Second off, the rise of the UNR Canoe team is simply amazing. The Canoe Team did not exist three years ago. The last time UNR competed was sometime in the mid to late 90s. In three years they have come from non existence, to going to nationals three consecutive years in a row, placing 3rd in 2007. For more on the rise of UNR, go over to http://www.nevadacanoe.com/.
Mid-Pac has produced other canoe powerhouses such as Sacramento (stats, website), and Davis. For UNR to compete so successfully against this level of competition just adds to the legend. (All of these sites have been obtained from concretecanoe.org, an obsessively updated canoe website.)
I cannot emphasize how important student competitions like Concrete Canoe are in the education of undergraduate students. I participated in the Steel Bridge competition for two years while at UNR. I gained many skills that I could never have gathered in the classroom. Not to say that my education was lacking content (quite the opposite), but there are some things best learned in a collaborative, self motivated, student run environment like a design competition.

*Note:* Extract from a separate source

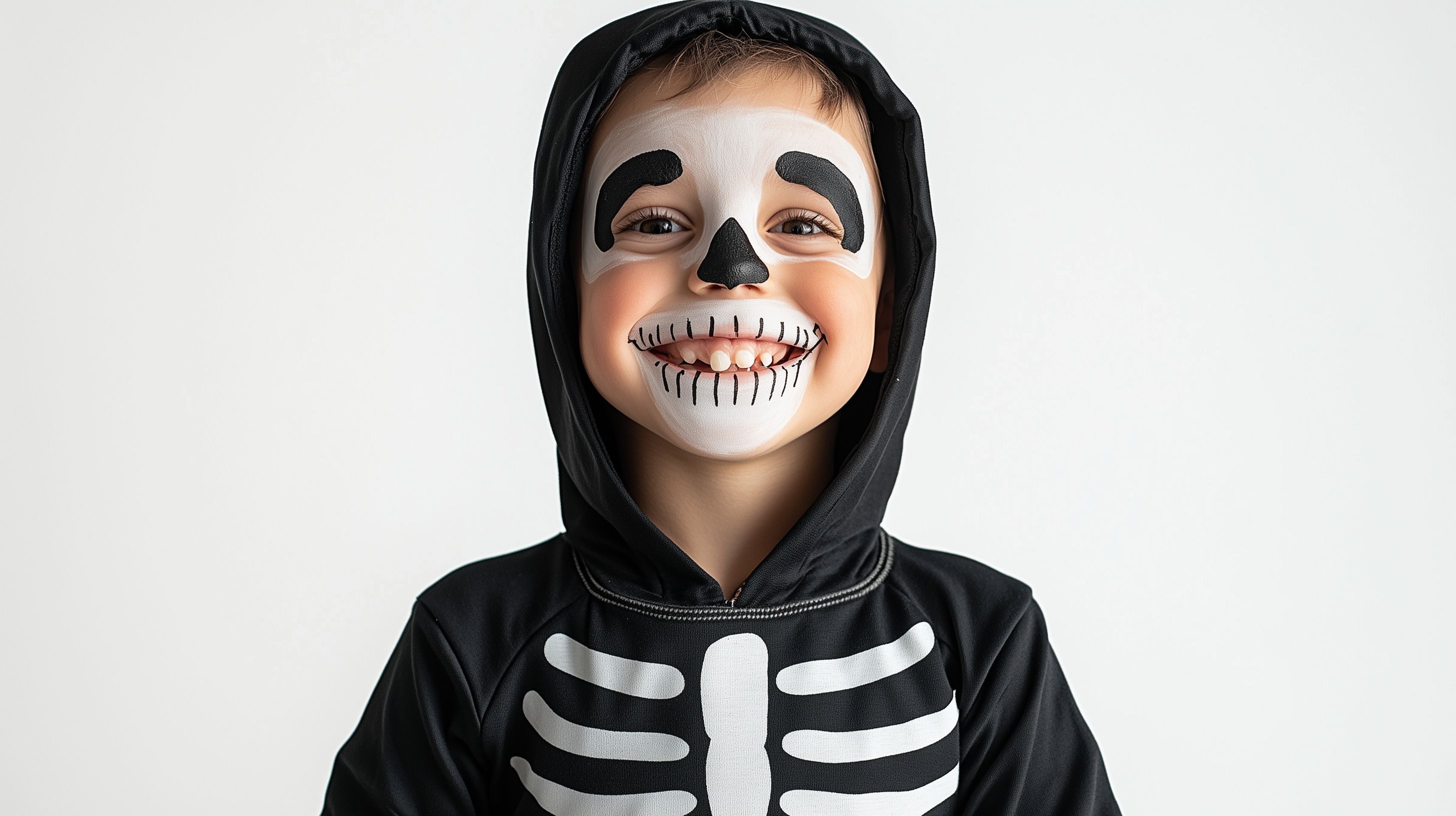 Das Foto zeigt ein lächelndes Kind, das ein Skelett-Kostüm mit Kapuze trägt. Das Kind blickt direkt in die Kamera und zeigt ein freudiges, fröhliches Gesichtsausdruck. Die Verkleidung ist schwarz-weiß gehalten, mit detaillierten Skelettzeichnungen. Der Hintergrund ist einfarbig und lenkt nicht vom Hauptmotiv ab. Dieses Stockfoto in hoher Auflösung eignet sich hervorragend für Halloween-Themen, Kinderfotos, Kostümpartys oder Werbematerialien wie Blogs, Newsletter oder soziale Medien. Es steht unter einer kostenlosen Creative-Commons-Lizenz zur Verfügung.

Some of the best times I had in college were in the bottom of the structures laboratory learning how hard a true pin connection is to fabricate. Without steel bridge, I would have never have learned how to weld, use a chop saw, lay out steel from a self generated set of shop drawings, and maybe most importantly, I would have never seen what a bearing failure in a connection looked like (or how to fix it).
Bottom line, if you are a student, get involved! Steel bridge, concrete canoe, water treatment, anything. While giving a little back, you will get so much more in return.